Background: Drug-drug interactions (DDI) are an important cause of adverse drug reactions (ADRs). Could large language models (LLMs) serve as valuable tools for pharmacovigilance specialists in detecting DDIs that lead to ADR notifications?

Objective: To compare the performance of three LLMs (ChatGPT, Gemini, and Claude) in detecting and explaining clinically significant DDIs that have led to an ADR.

Design: Observational cross-sectional study.

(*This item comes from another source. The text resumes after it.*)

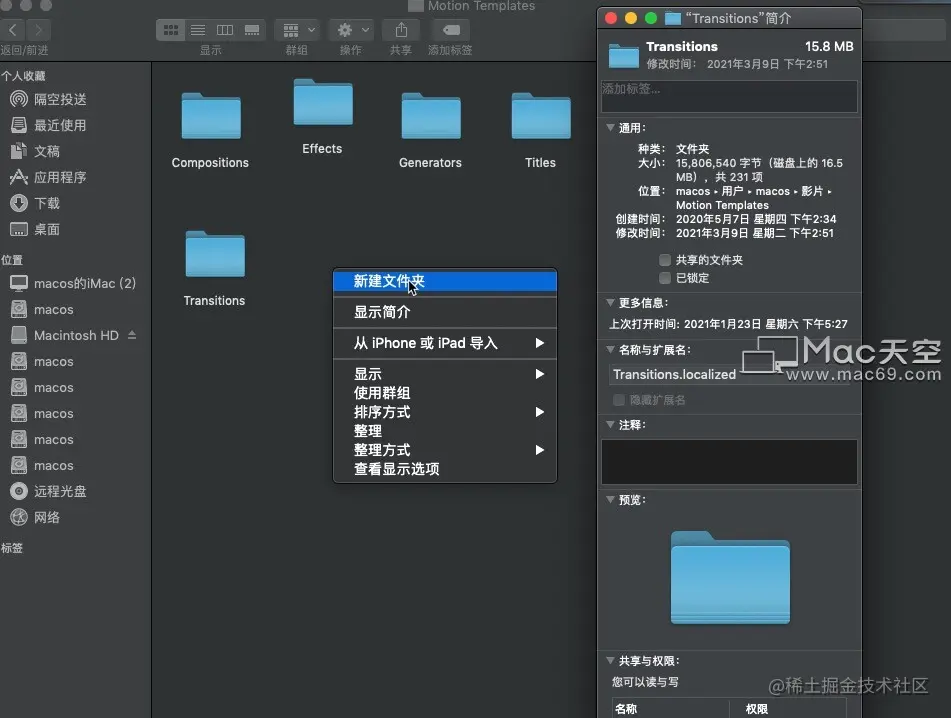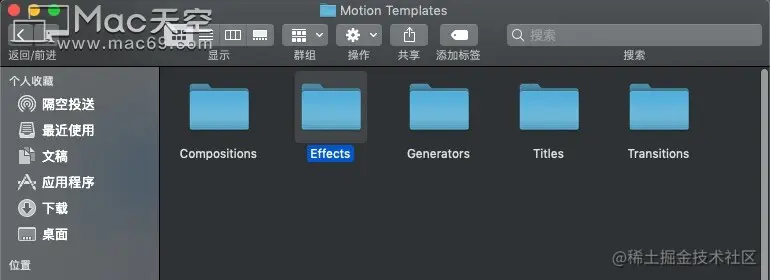 Compositions【合成】/Effects【效果】/Generators【发生器】/Titles【标题】/Transitions【转场】如果没有这个文件夹的话自己建立一个,右键新建文件夹名称为“Transitions”文件夹,然后选定目录或者使用快捷键Command + i 将Transitions文件夹重命名为Transitions.localized。

Methods: We used the French National Pharmacovigilance Database to randomly extract Individual Case Safety Reports (ICSRs) of ADRs with DDI (positive controls) and ICSRs of ADRs without DDI (negative controls) registered in 2022. Interaction cases were classified by difficulty level (level-1 DDI being the easiest and level-2 DDI being the most difficult). We give each LLM (ChatGPT, Gemini, and Claude) the same prompt and case summary. Sensitivity, specificity, and F-measure were calculated for each LLM in detecting DDIs in the case summaries.

Results: We assessed 82 ICSRs with DDIs and 22 ICSRs without DDIs. Among ICSRs with DDIs, 37 involved level-1 DDIs, and 45 involved level-2 DDIs. Correct responses were more frequent for level-1 DDIs than for level-2 DDIs. Regardless of difficulty level, ChatGPT detected 99% of DDI cases, and Claude and Gemini detected 95%. The percentage of correct answers to all DDI-related questions was 66% for ChatGPT, 68% for Claude, and 33% for Gemini. ChatGPT and Claude produced comparable results and outperformed Gemini (F-measure between 0.83 and 0.85 for ChatGPT and Claude and 0.63-0.68 for Gemini) to detect drugs involved in DDI. All exhibited low specificity (ChatGPT 0.68, Claude 0.64, and Gemini 0.36) and reported nonexistent DDIs for negative controls.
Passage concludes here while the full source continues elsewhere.